The annual New Yorker magazine festival is the embodiment of the erudite weekly. But this year’s instalment nearly came unstuck before it even began after editor David Remnick decided to invite Steve Bannon, the hard-right ideologue and former Trump strategist, to speak.
Remnick was to interview Bannon himself, in what he had promised in his invitation would be “an informal, free-ranging discussion of the political movements redefining international and local politics.”
When news of the proposed event emerged this week, New Yorker staffers, contributors and potential festival speakers raised their objections.
Writer Roxane Gay suggested the invitation to Bannon demonstrated "how the intellectual class doesn't truly understand racism or xenophobia."
Malcolm Gladwell, the author and New York staffer, was one of few voices supporting the mooted talk, suggesting that a festival of ideas should "expose the audience to ideas. If you only invite your friends over, it’s called a dinner party."
After a day of criticism, Remnick issued a comprehensive statement, concluding: "I don’t want well-meaning readers and staff members to think that I’ve ignored their concerns. I’ve thought this through and I’ve talked to colleagues - and I’ve reconsidered. I’ve changed my mind."
In his recent book "In The Restaurant," Christoph Ribbat, professor of American Studies at the University of Paderborn, wrote that the New Yorker of the postwar era defined itself as "a guardian of civilization. It points the way to the most cultivated products and ideas...and sees itself as the voice of idealized American democracy."
The same holds true of Remnick’s 21st century New Yorker. The ideal New Yorker reader remains educated, curious, well off, and every inch a Manhattanite.
The criticism levelled by people such as Roxane Gay - that the New Yorker editor and his readers are operating from a point of comfortable detachment, has a ring of truth to it: though the attendees at the New Yorker festival are extremely unlikely to be Trump voters, they are likely to be somewhat insulated from the consequences of the rhetoric of Bannon and his ilk. They have the luxury of finding him "interesting."

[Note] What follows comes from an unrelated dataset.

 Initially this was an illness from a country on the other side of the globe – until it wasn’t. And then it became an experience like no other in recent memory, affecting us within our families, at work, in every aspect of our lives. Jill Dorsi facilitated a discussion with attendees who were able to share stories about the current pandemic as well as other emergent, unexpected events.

But what is Remnick’s responsibility? In his statement, Remnick pointed out that Bannon has been a significant figure in domestic and international politics in recent years and as such, worth attention and examination.
Responding to his invitation being rescinded, Bannon took the opportunity to praise and damn Remnick in consecutive sentences: "The reason for my acceptance was simple: I would be facing one of the most fearless journalists of his generation. In what I would call a defining moment, David Remnick showed he was gutless when confronted by the howling online mob."

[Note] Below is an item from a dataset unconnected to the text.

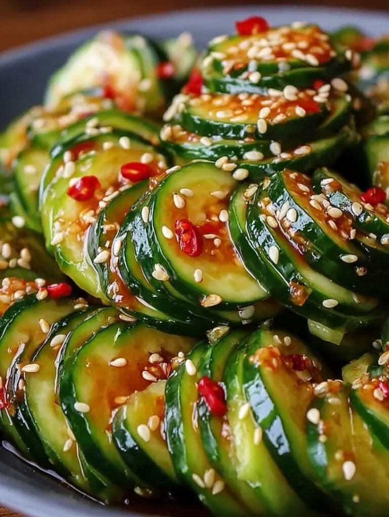 Asiatischer Gurkensalat mit Chili & Sesam: Ein unglaublich erfrischender Genuss für heiße Sommertage

The use of "fearless" here is disingenuous and self-aggrandizing, suggesting that only the bravest of liberal journalists would have the guts to even speak to the behemoth Bannon.
Every bit as disingenuous were the many critics who implied that Remnick thought he could "challenge" Bannon in some kind of gladiatorial contest in the interview.
Remnick is too smart to believe this to be the case, as he made clear in his statement ("There’s no illusion here. It’s obvious that no matter how tough the questioning, Bannon is not going to burst into tears and change his view of the world.")
Meanwhile, the Economist magazine - another organ of the liberal order - has taken a different tack, defending its decision to invite Bannon to speak at its Open Future Festival by claiming that "rigorous questioning and debate" will "expose bigotry and prejudice."
So is the cancellation of Bannon’s appearance at the New Yorker festival censorship?
To an extent, yes. It’s no good to simply say that the revocation of the invitation after public pressure is "not a free speech issue," or that Bannon’s First Amendment rights have not been breached. A person who was to speak on a public platform will not now speak on a public platform, after pressure from his opponents.
The real question is whether this is a level and form of censorship that we are comfortable with. Those who say that the invitation should not have been extended will say that these are extraordinary times: Trump is no ordinary president, and Bannon no ordinary former adviser. The usual rules of discourse do not apply. Normalization cannot pass, in the White House or at a cultural festival.
Those who defend Remnick’s original invitation will say that the abandonment of the usual rules is exactly what the extremists demand.
Bannon’s assertion that the cancellation is a "defining moment" would suggest this will be added to the litany of liberal weaknesses to which he aims to offer an authoritarian alternative.
David Remnick’s commitment to the objective conversation must be admired, but we must hope that, as the editor said in his own statement, "There is a better way to do this." Remnick says that this should, and will, happen in the context of a written interview in the New Yorker magazine itself, where context and editorial input will presumably mean Bannon would be denied free rein.
But better preparation and presentation - not least consulting staff before announcing the event - could have ensured a Bannon speaking event could have been put in context too.
As it stands, Bannon can claim to have been too hot to handle for the "liberal elites" he stands against, and Remnick and the New Yorker appears insensitive to readers and contributors. A poor day’s work for free speech - and for progressive politics.